Figure 4Assessment of ensemble size dependency based on mean continuous ranked probability score (CRPS) (a), root mean square error (RMSE) (b), correlation coefficient (CORR) (c), and time (d).

Download

Figure 4d shows the time required for the four processes of ensemble assimilation under different ensemble sizes, including initialization, model integration, assimilation, and post-processing. The model integration process in NAQPMS-PDAF v2.0 takes the longest, followed by post-processing, initialization, and assimilation. The required time for initialization and post-processing increases with increasing ensemble size, while for model integration and assimilation, except for ensemble size 30, the required time is the same under different ensemble sizes. Generally, the time needed for ensemble sizes of 30–50 is considerably higher than that for smaller ones. Although convergence occurs with an ensemble size of 10, our work illustrates a similar time required between ensemble sizes 10 and 20. Consequently, we selected an ensemble size of 20 to ensure optimal performance of NAQPMS-PDAF v2.0, considering both assimilation efficiency and accuracy.

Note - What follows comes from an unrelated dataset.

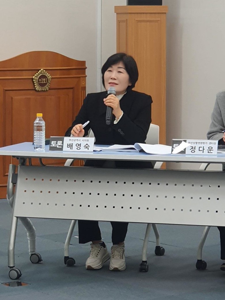 배영숙 의원은 토론문에서 “부산시 성평등 사업의 양적 증가에도 불구하고 실질적인 성평등 실현을 위한 목표 설정과 평가 체계 강화가 필요하다”고 강조하며, “성평등 사업의 실효성 확보와 담당자들의 전문성 강화를 위한 제도적 장치 마련이 중요하다”고 언급했다.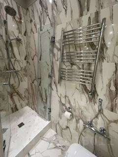 -отдельно расположен блок с основной спальней и гардеробной, основной санузел с душевой кабиной и ванной, гостевой туалет - сантехника от лучших европейских производителей (дополнительно установлен бойлер), стиральная машина;

The assimilation frequency is the interval at which observational data are introduced into the DA system, directly affecting the practical assimilation data volume and computation cost. High-frequency DA with high-quality observations is crucial for improving numerical simulations and forecasts (Liu et al., 2021). Figure 5 demonstrates that the MAE values of the five chemical component analysis fields range from 0.02 to 0.12 µg m−3, RMSE values range from 0.23 to 2.61 µg m−3, and CORR values range from 0.71 to 0.98 at a 1 h assimilation time interval, which is significantly better than the statistical indicators at lower assimilation frequencies. Even at a 2 h assimilation frequency, the assimilation effect drops sharply compared to the 1 h interval, especially for NO3-, OC, and EC. The values of MAE and RMSE increase by 2.6–5.82 and 4.72–9.57 µg m−3, respectively, and the CORR values decrease by 0.27–0.81. Gradual increasing trends in MAE and RMSE values and a slight decreasing trend in CORR values are observed as the assimilation frequency decreases from the 2 h interval. Therefore, the fast-updating assimilation with a 1 h interval significantly improves the NAQPMS simulation. For the forecasting field (Fig. S2), the low sensitivity of state variables to assimilation frequency suggests that NAQPMS-PDAF v2.0 can appropriately reduce assimilation frequency during the actual forecasting phase, lowering the demand for high-temporal-resolution observations and computational resources.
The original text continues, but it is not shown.